Exercise directions = Return an exact copy of the data, starting at its first line and ending at the line that contains "Toldos e coberturas", minus any pictures.
Provided data Block Start
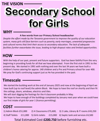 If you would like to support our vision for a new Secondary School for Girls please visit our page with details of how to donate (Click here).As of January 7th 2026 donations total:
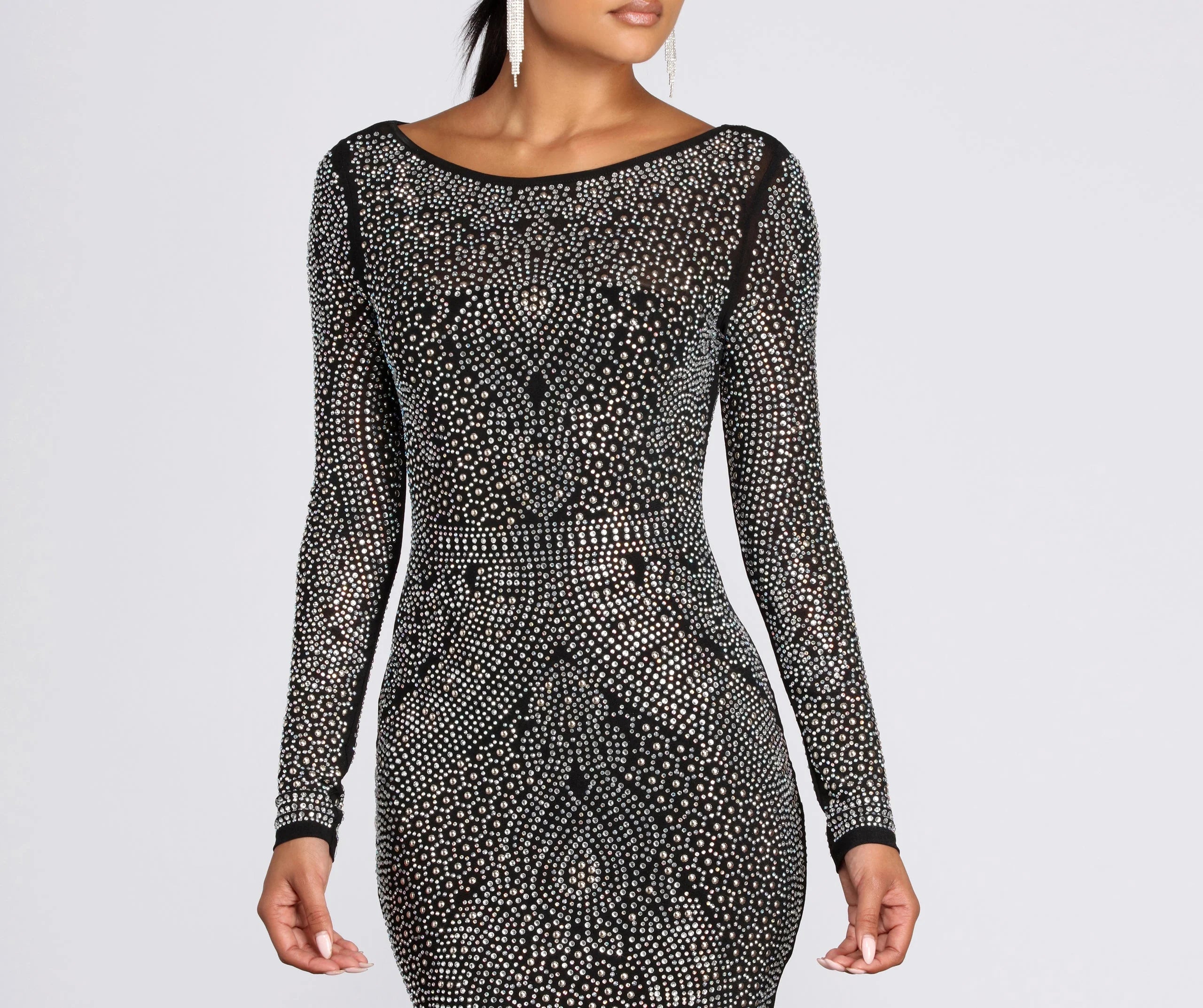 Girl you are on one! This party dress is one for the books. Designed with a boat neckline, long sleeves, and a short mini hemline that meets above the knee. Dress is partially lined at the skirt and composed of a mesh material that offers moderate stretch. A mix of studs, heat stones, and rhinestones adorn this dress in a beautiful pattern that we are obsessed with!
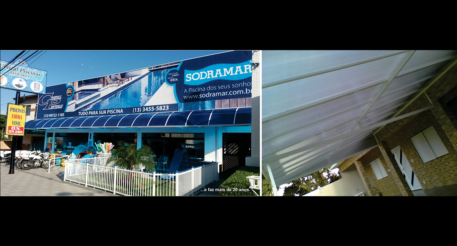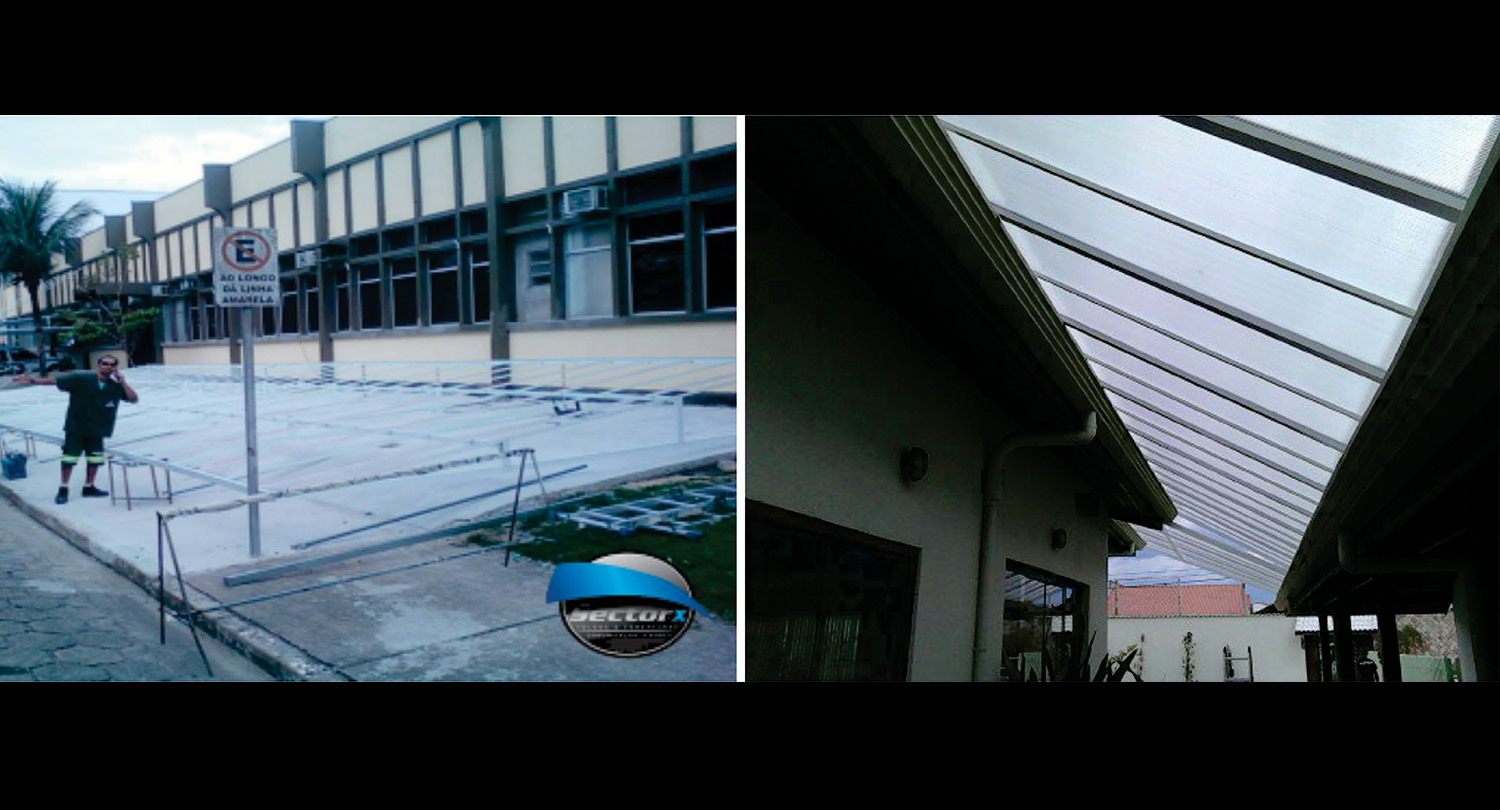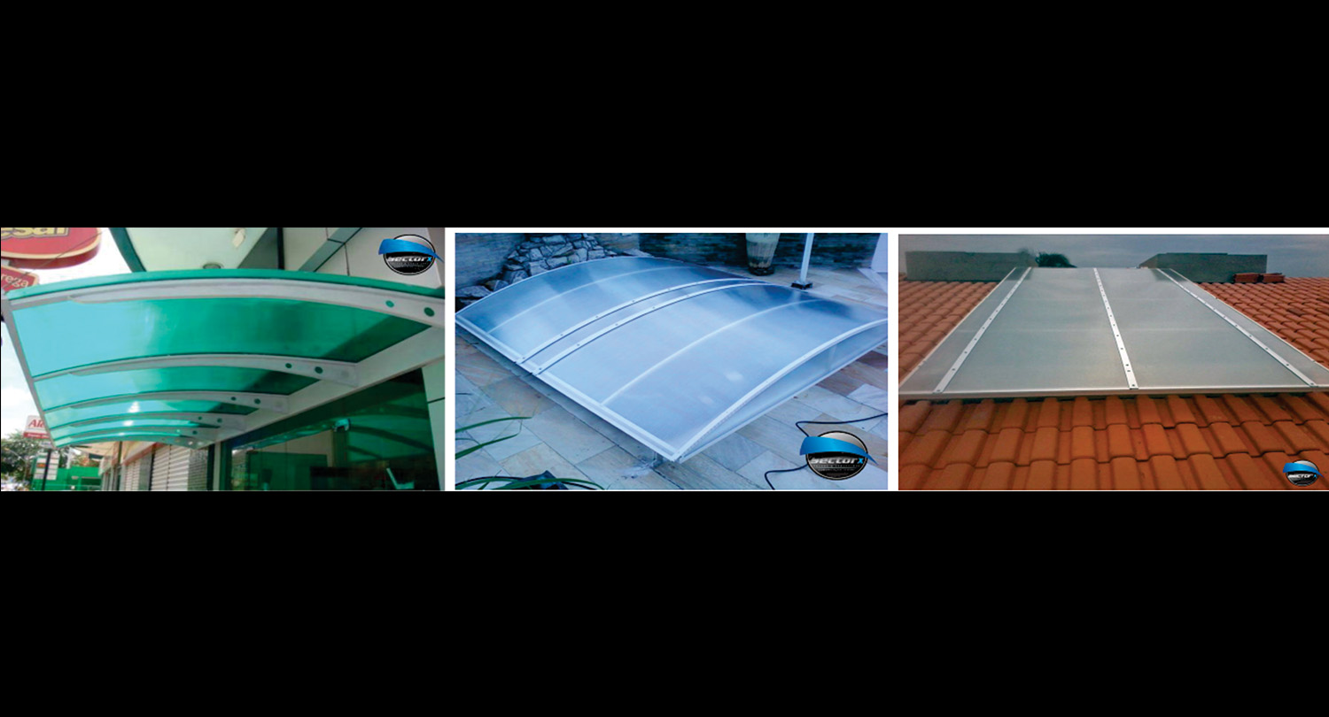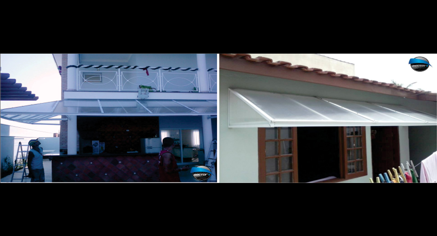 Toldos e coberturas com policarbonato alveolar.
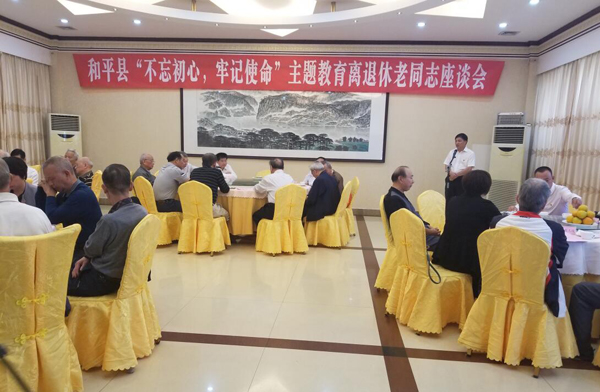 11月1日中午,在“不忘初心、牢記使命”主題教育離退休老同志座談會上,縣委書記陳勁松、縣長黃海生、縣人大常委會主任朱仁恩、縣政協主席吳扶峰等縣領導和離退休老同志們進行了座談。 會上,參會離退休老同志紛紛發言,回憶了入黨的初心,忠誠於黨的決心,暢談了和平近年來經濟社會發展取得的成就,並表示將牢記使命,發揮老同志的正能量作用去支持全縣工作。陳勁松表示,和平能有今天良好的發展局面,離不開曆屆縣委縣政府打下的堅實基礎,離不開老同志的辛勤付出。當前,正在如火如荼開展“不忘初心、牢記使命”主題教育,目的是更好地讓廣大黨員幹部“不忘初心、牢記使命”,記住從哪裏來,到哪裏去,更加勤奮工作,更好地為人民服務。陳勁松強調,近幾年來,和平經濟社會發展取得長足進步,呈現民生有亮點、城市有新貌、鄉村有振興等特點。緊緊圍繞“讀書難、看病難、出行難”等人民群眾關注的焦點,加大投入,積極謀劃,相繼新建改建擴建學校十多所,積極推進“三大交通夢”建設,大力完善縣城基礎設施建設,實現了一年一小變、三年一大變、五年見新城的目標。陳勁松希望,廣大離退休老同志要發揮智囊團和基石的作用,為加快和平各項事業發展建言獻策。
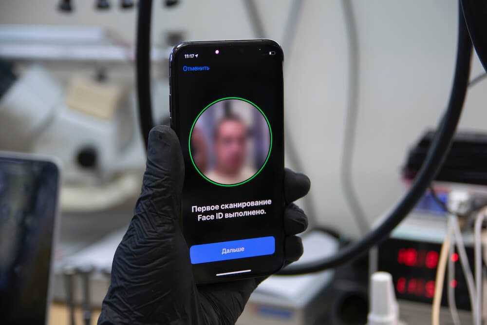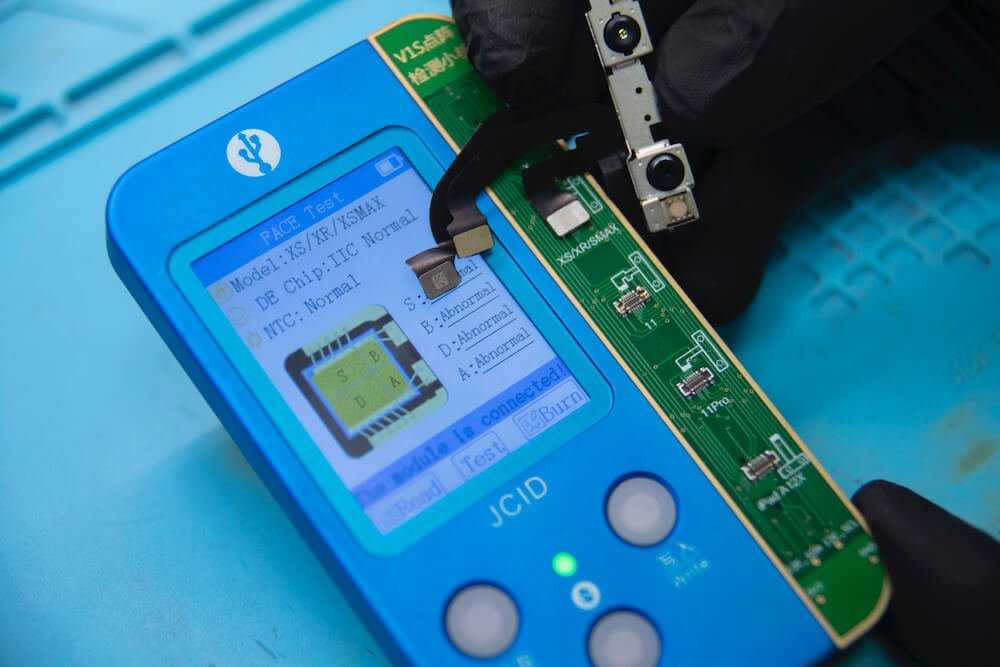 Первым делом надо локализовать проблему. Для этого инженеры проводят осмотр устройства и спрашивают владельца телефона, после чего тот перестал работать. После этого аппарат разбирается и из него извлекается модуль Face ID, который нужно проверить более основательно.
Provided data Block End
Answer space =
 If you would like to support our vision for a new Secondary School for Girls please visit our page with details of how to donate (Click here).As of January 7th 2026 donations total:
 Girl you are on one! This party dress is one for the books. Designed with a boat neckline, long sleeves, and a short mini hemline that meets above the knee. Dress is partially lined at the skirt and composed of a mesh material that offers moderate stretch. A mix of studs, heat stones, and rhinestones adorn this dress in a beautiful pattern that we are obsessed with!
 Toldos e coberturas com policarbonato alveolar.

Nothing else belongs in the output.